Stored dataset items:

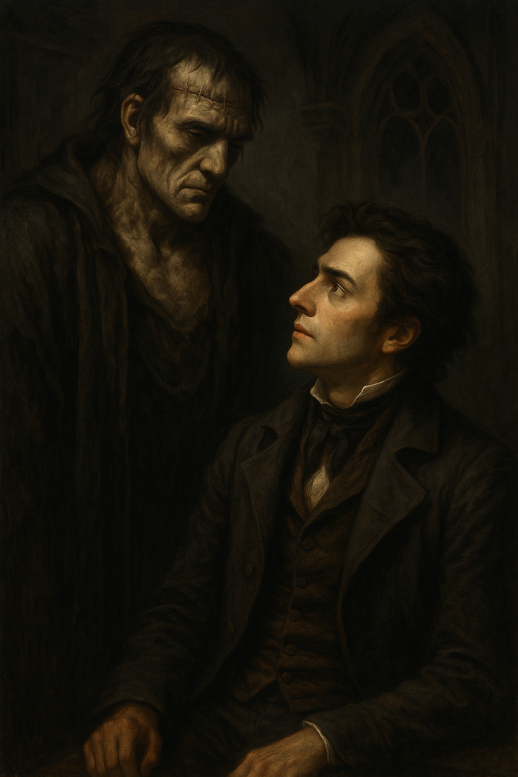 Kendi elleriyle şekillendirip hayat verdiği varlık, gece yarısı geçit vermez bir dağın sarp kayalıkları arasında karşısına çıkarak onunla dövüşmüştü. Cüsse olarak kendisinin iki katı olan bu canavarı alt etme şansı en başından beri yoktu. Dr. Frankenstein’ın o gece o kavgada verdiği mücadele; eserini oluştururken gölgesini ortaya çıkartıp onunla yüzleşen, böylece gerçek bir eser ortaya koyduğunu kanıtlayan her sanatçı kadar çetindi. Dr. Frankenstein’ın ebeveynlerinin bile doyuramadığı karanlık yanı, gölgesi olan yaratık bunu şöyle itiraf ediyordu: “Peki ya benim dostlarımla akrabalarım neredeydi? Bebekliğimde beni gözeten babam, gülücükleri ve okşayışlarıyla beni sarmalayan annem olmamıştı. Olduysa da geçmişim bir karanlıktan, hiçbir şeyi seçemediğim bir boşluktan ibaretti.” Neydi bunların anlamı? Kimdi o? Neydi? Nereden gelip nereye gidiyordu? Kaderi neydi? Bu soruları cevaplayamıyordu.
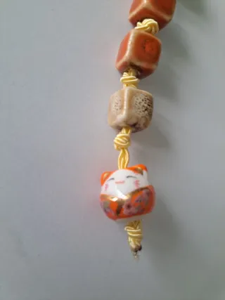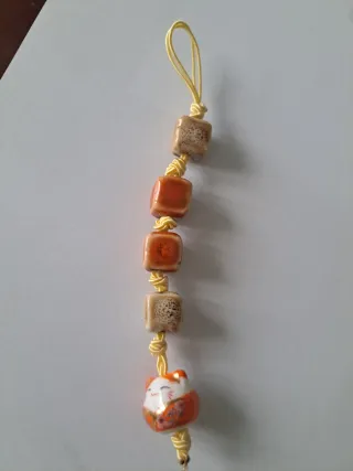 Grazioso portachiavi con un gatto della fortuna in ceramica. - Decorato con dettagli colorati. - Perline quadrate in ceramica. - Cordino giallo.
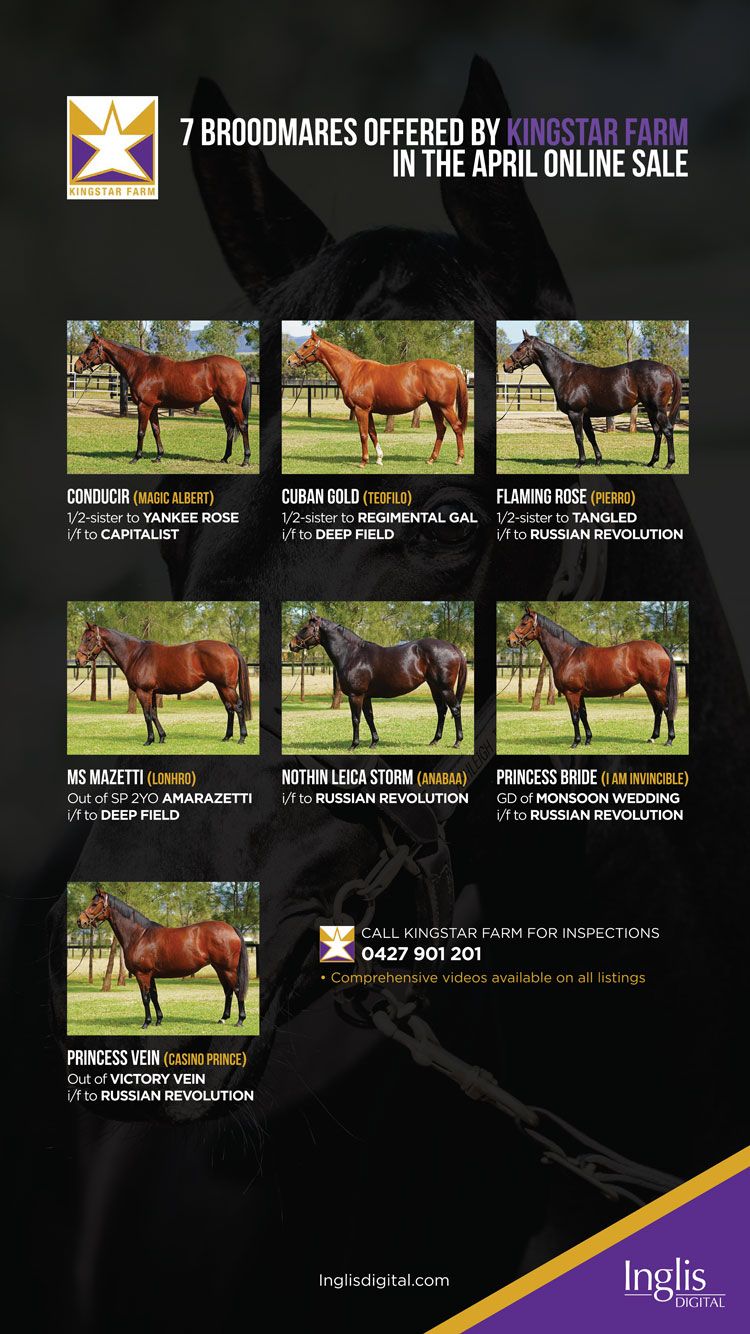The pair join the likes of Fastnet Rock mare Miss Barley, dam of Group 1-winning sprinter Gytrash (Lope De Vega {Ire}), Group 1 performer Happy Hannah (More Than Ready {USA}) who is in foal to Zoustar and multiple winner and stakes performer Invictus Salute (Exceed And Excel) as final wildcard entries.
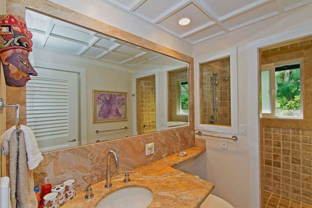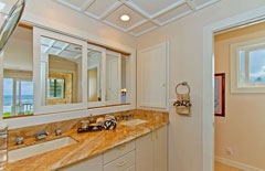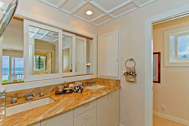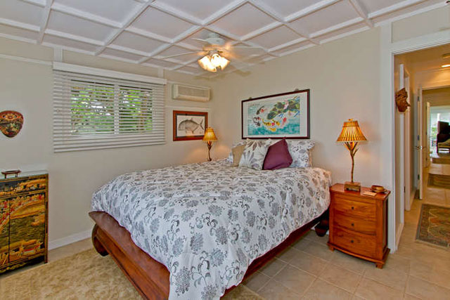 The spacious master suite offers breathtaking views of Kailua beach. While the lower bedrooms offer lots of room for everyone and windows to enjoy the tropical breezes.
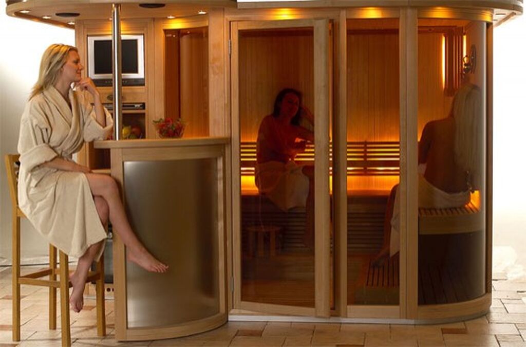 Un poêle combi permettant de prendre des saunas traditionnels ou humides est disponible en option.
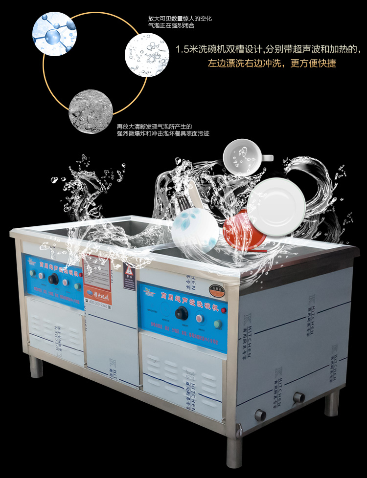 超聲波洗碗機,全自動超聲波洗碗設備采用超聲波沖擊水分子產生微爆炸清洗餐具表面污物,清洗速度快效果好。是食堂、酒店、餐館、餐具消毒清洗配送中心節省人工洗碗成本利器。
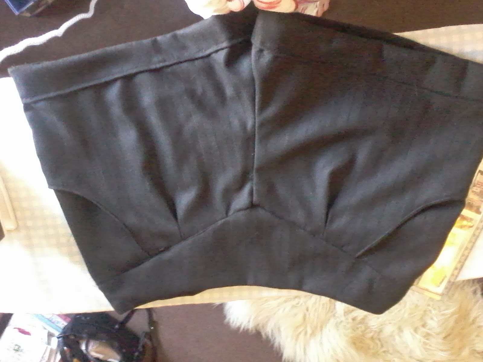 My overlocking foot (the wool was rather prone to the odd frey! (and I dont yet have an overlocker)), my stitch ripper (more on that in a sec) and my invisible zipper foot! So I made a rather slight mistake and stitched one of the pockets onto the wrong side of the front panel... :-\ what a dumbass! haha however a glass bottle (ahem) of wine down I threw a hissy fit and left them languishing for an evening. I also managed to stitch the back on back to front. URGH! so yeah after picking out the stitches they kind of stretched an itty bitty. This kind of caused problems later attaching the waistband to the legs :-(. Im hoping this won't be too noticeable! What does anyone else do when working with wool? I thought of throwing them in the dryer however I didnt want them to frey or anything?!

TASK REQUIREMENTS
Output only the lines running from the one containing "超聲波洗碗機,全自動超聲波洗" to the end of the records, inclusive and exact; skip the pictures.

ANSWER TO THIS TASK
 超聲波洗碗機,全自動超聲波洗碗設備采用超聲波沖擊水分子產生微爆炸清洗餐具表面污物,清洗速度快效果好。是食堂、酒店、餐館、餐具消毒清洗配送中心節省人工洗碗成本利器。
 My overlocking foot (the wool was rather prone to the odd frey! (and I dont yet have an overlocker)), my stitch ripper (more on that in a sec) and my invisible zipper foot! So I made a rather slight mistake and stitched one of the pockets onto the wrong side of the front panel... :-\ what a dumbass! haha however a glass bottle (ahem) of wine down I threw a hissy fit and left them languishing for an evening. I also managed to stitch the back on back to front. URGH! so yeah after picking out the stitches they kind of stretched an itty bitty. This kind of caused problems later attaching the waistband to the legs :-(. Im hoping this won't be too noticeable! What does anyone else do when working with wool? I thought of throwing them in the dryer however I didnt want them to frey or anything?!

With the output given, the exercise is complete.